The sharding of a concrete jax.Array can be queried via x.sharding. This can only be done at the top-level. You might expect the result to be the same as the sharding associated with the value’s type, jax.typeof(x).sharding. It might not be! The concrete array sharding, x.sharding, describes the sharding along both Explicit and Auto mesh axes. It’s the sharding that the compiler eventually chose. Whereas the type-specificed sharding, jax.typeof(x).sharding, only describes the sharding along Explicit mesh axes. The Auto axes are deliberately hidden from the type because they’re the purview of the compiler. We can think of the concrete array sharding being consistent with, but more specific than, the type-specified sharding. For example:

def compare_shardings(x):
  print(f"=== with mesh: {jax.sharding.get_abstract_mesh()} ===")
  print(f"Concrete value sharding: {x.sharding.spec}")
  print(f"Type-specified sharding: {jax.typeof(x).sharding.spec}\n")

my_array = jnp.sin(jax.device_put(np.arange(8), jax.P("X")))
compare_shardings(my_array)

@auto_axes
def check_in_auto_context(x):
  compare_shardings(x)
  return x

check_in_auto_context(my_array, out_sharding=jax.P("X"))
=== with mesh: AbstractMesh('X': 4, 'Y': 2, axis_types=(Auto, Auto), device_kind=cpu, num_cores=None) ===
Concrete value sharding: P('X',)
Type-specified sharding: P(None,)

=== with mesh: AbstractMesh('X': 4, 'Y': 2, axis_types=(Auto, Auto), device_kind=cpu, num_cores=None) ===
Concrete value sharding: P('X',)
Type-specified sharding: P(None,)
Array([ 0.        ,  0.84147096,  0.9092974 ,  0.14112   , -0.7568025 ,
       -0.9589243 , -0.2794155 ,  0.6569866 ], dtype=float32)

Notice that at the top level, where we’re currently in a fully Explicit mesh context, the concrete array sharding and type-specified sharding agree.

But under the auto_axes decorator we’re in a fully Auto mesh context and the two shardings disagree: the type-specified sharding is P(None) whereas the concrete array sharding is P("X") (though it could be anything!

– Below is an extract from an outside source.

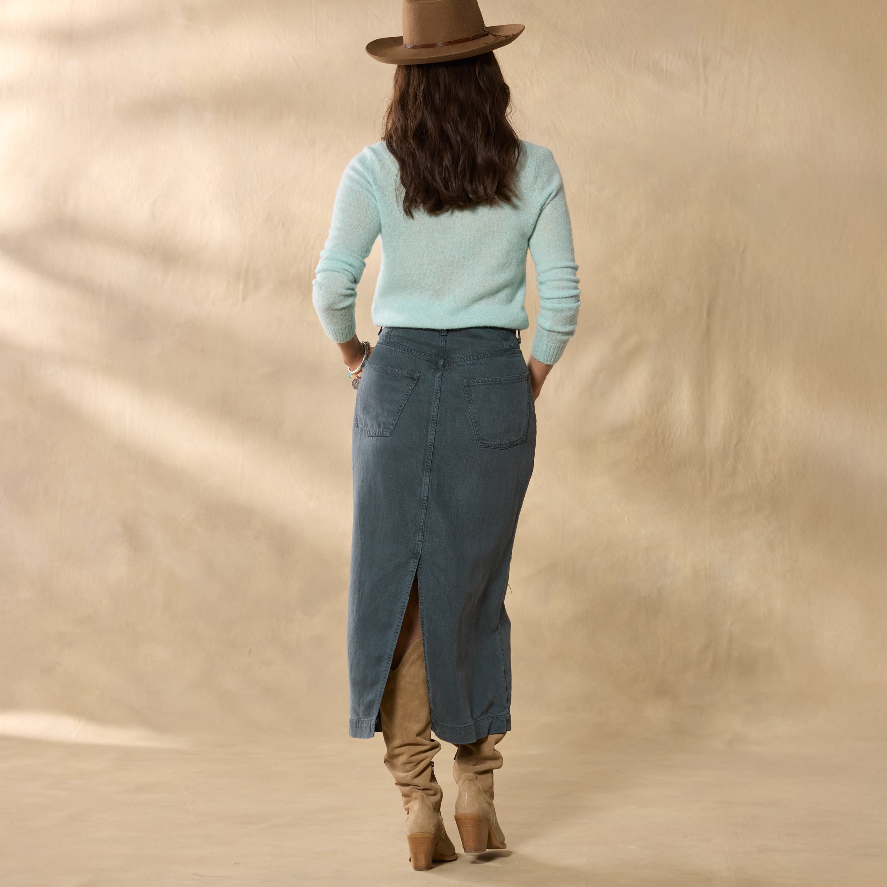 An instant everyday staple. our Bosque Skirt features an ultra-wearable midi length with a button fly. front patch pockets and a back slit. Tencel/linen/cotton. Machine wash. Imported. Exclusive. Sizes 24?C32. Approx. 32.5l.

It’s up to the compiler).

Manual mode lets you write explicit collectives with a per-device view of data#

Using jax.shard_map sets mesh axis types to Manual:

mesh = jax.make_mesh((4, 2), ('X', 'Y'))
jax.set_mesh(mesh)

x = jax.device_put(jnp.arange(8 * 4. ).reshape(8, 4 ), jax.P(None, 'X'))
y = jax.device_put(jnp.arange(4 * 16.).reshape(4, 16), jax.P('X', None))

@jax.shard_map(out_specs=jax.P('X', None))
def matmul(x_shard, y_shard):
  z_summand = jnp.dot(x_shard, y_shard)
  return jax.lax.psum_scatter(z_summand, 'X', tiled=True)

z = matmul(x, y)
print(jax.typeof(z))

z_ref = jnp.dot(x, y, out_sharding=jax.P('X', None))
print(jnp.allclose(z_ref, z))
float32[8@X,16]
True

For details, see the shard_map tutorial.